This is the Job Corps experiment data used in @Hub14 to estimate the effect of a randomized job training program on self-assessed health holding constant the intermediate outcome of employment. We use a subset of the variables from their study, but the basic variable we use here:

* $Y_i$ is an indicator for whether participants reported "very good" health after 2.5 years out after randomization (`exhealth30`)
* $A_i$ is an indicator for assignment to the job training program (`treat`)
* $M_i$ is an indicator for employment 1 to 1.5 years after assignment (`work2year2q`)
* $Z_i$ are the post-treatment, pre-mediator intermediate confounders (`emplq4`, `pemplq4`)
* $X_i$ are the pre-treatment characteristics (`female`, `age_cat`)

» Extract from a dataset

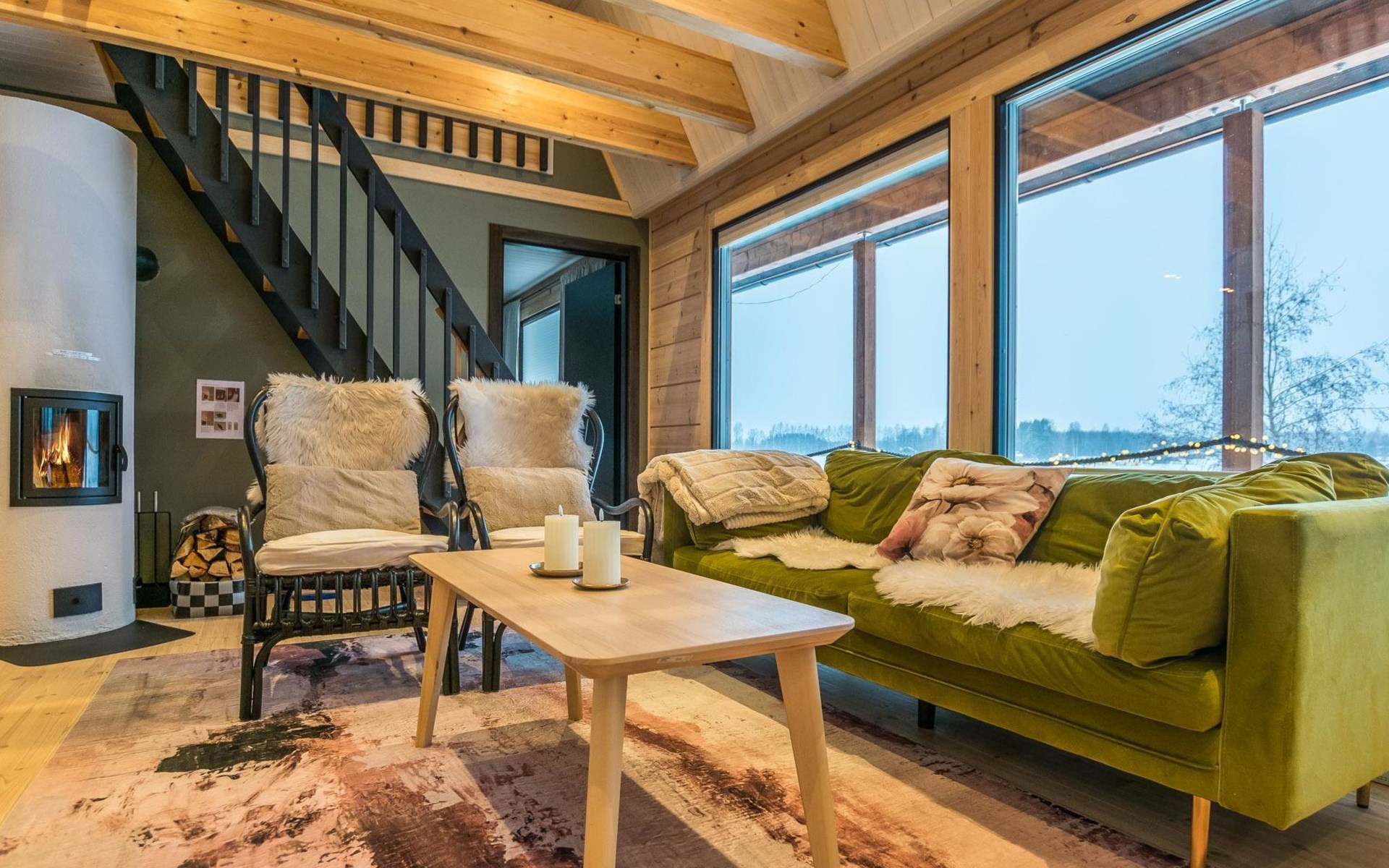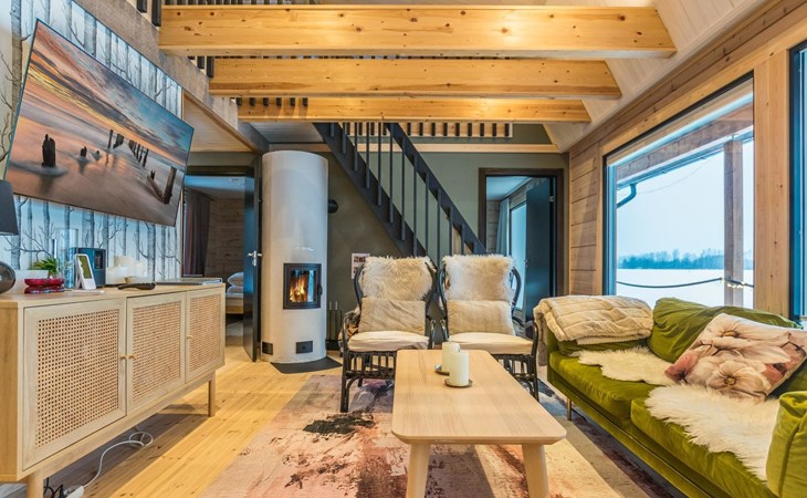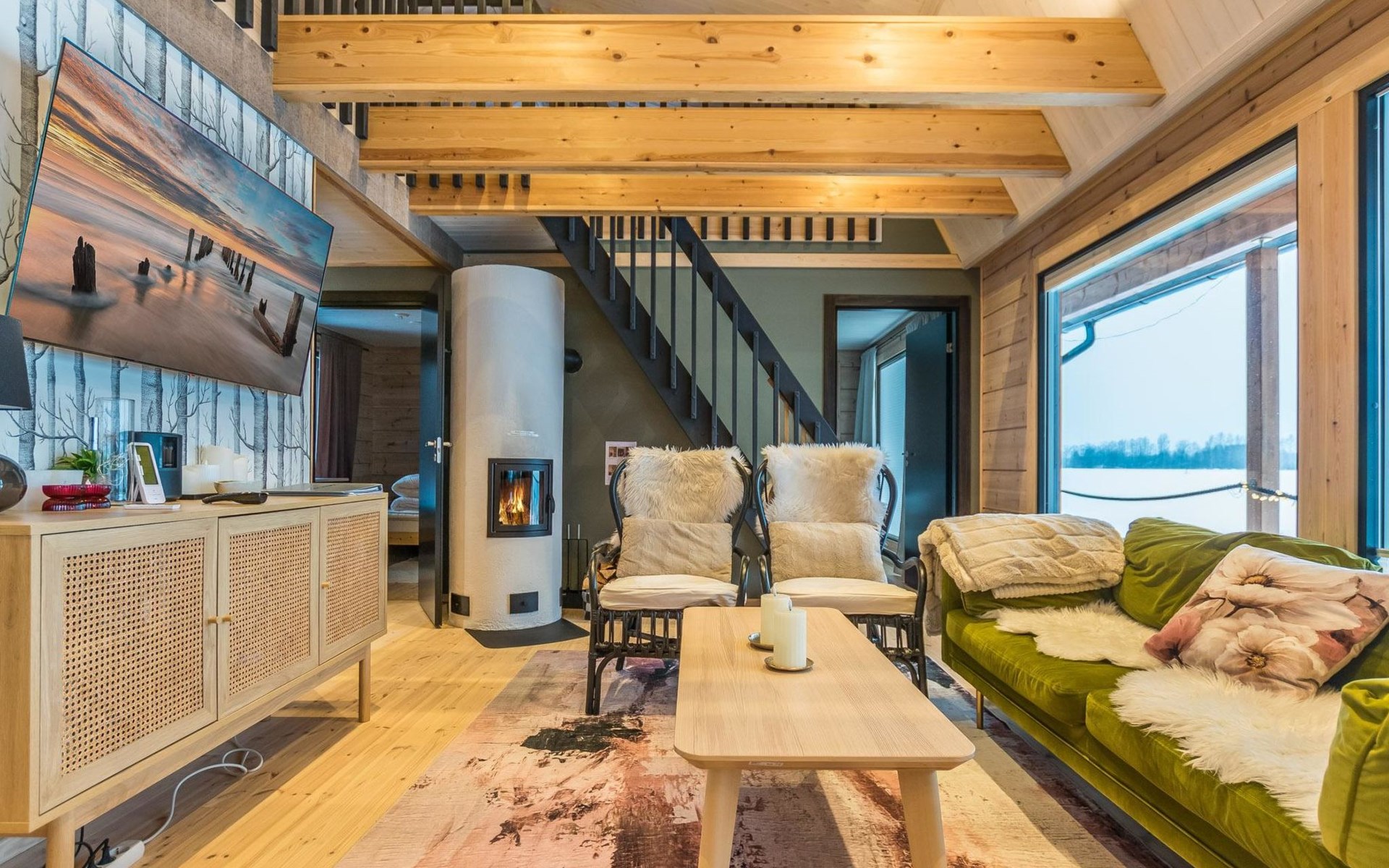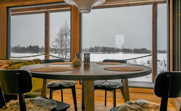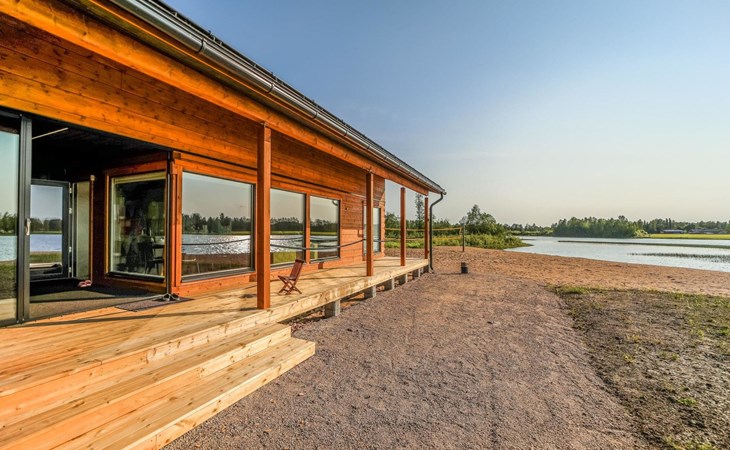 This log-constructed villa (2023) is equipped with modern comforts. The property features a shallow, soft sandy-bottomed shoreline, a private dock, and a rowing boat. In winter, guests can enjoy ice swimming right by the villa, with an ice hole pump keeping the opening clear throughout the season.

In context of our CDE estimators, we refer to be $A_i$ (the treatment) and $M_i$ (the mediator) as *treatment variables* because we are interested in causal effects that contrast different combinations of these two variables. 

The first step in our assembly line is to choose the type of CDE estimator (or really estimation strategy) that we want to pursue. These choices include IPW (`cde_ipw()`), regression imputation (`cde_reg_impute()`), and augmented IPW (`cde_aipw()`) among others. Some of these different functions will take different arguments to specify different aspects of the estimator. The AIPW estimator is useful to demonstrate because it uses many of the features of the assembly line approach.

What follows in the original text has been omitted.